The other Son

This coming Sunday is the 4th Sunday in Lent, Year C: the Prodigal Son. The story would be complete as it stands with the return of the prodigal son and the father’s open-armed acceptance. But another story interlocks with this: the story of the elder son who has not appeared in the story. The father has responded to the prodigal son’s return with compassion. How will the elder brother respond?

Then the celebration began. Now the older son had been out in the field and, on his way back, as he neared the house, he heard the sound of music and dancing. He called one of the servants and asked what this might mean. (vv. 24-26)

In anger, the elder son refuses to join in the celebration, thus physically distancing himself from his family and his own role as elder son in a celebration of this kind. “At such a banquet the older son has a special semi-official responsibility. He is expected to move among the guests, offering compliments, making sure everyone has enough to eat, ordering the servants around and, in general, becoming a sort of major-domo of the feast. [Baily, 294]

His refusal to enter his own home is also a refusal to share in the meal, a symbolic act of epic proportions in a culture where kinship boundaries are secured through the sharing of food. In his reply to the elder brother, the slave had referred to “your brother” and “your father,” but the elder son’s actions reveal a different understanding of familial relations. When addressing his father, he does not name him as “Father.” Similarly, the younger son is only “your son” – pointedly not “my brother.” Clearly the elder brother does not support his father’s resolution concerning the younger son.

The elder son’s anger and self-righteousness make him resentful; not even the return of his brother will make him share the family celebration. The tragedy here is that while the older son has never left home, never disobeyed, and has “slaved” faithfully – he has also never felt rewarded and thus resents the father’s joy at his brother’s return. In contrast to joy, the older son feels anger or rage which is freely expressed in every gesture (refusal to enter the house) and word (his responses to his father). The anger he feels for his father is transferred to his brother. The older son has not only failed to recognize his privileged position with his father, but he is also blind to the fact that his father offers him the same constant care and concern – the father comes out to him also, seeking what is being lost.

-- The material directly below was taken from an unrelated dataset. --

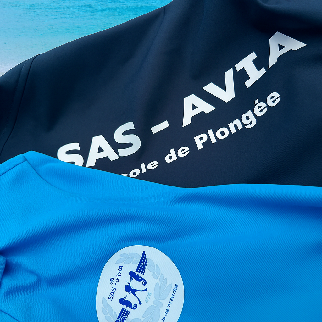 Vous pouvez désormais, depuis votre espace membre, onglet BOUTIQUE, commander un polo, un t-shirt, un sweat ou une veste avec le logo du club côté coeur et "SAS-AVIA - Ecole de plongée" dans le dos.
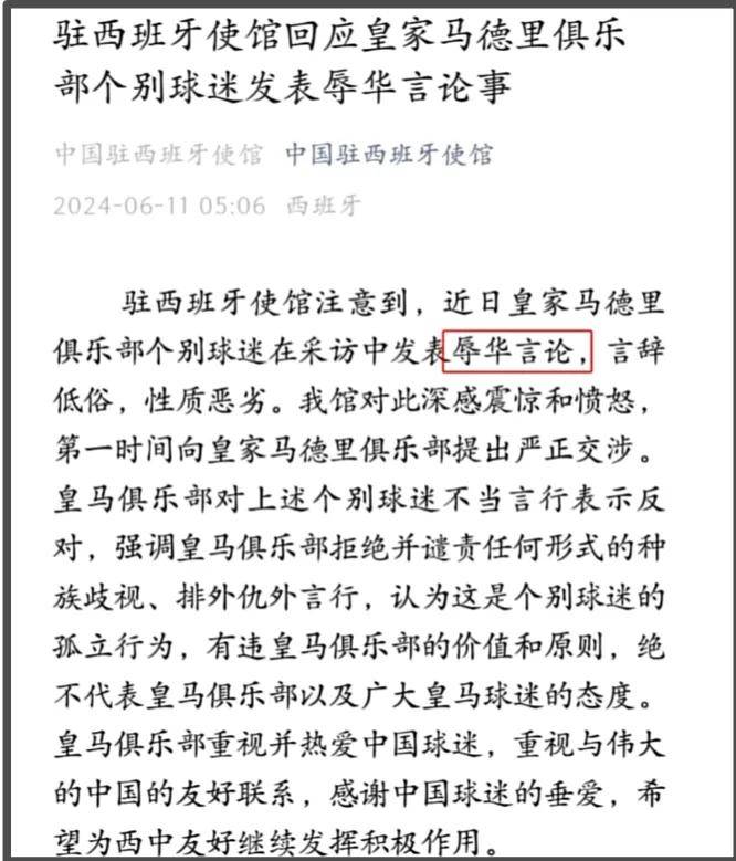 024年就正在2,皇马球迷公然敌对一位体育博主遭到,辱中国女性的歌曲对方诱导他演唱侮,马球迷是皇马俱笑部高层的孙子后续网友还扒出涉嫌敌对的皇。

Again the pivot is the father’s love. He goes out to the elder son as he had gone out to the younger. He wants both of them to be happy. The elder son cannot see beyond propriety and is trapped in his own righteousness. The father does not deny the faithfulness of his elder son. He implies that all that is beside the point at this special moment. Something far more important is going on: a son and brother has returned from the dead. Everything else fades before that fact: “But now we must celebrate and rejoice!” Within the father’s words is this key message: “one cannot be a son without also being a brother.”

The father has extended unconditional forgiveness to both sons prior to their repentance. Despite each son’s contemptuous behavior, the father assures them they are loved and belong. The attitude of the father is not determined by their attitude, but by his own attitude.  Martin Luther’s first thesis was that “the entire life of the believer should be one of repentance.”  While doctrinally correct, it is not achievable in human effort. Even the mostly stoutly religious, in the end, must rely on the grace of God.  When all is said and done in this life, having lived well or not, one must leave all in the hands of a merciful and gracious God.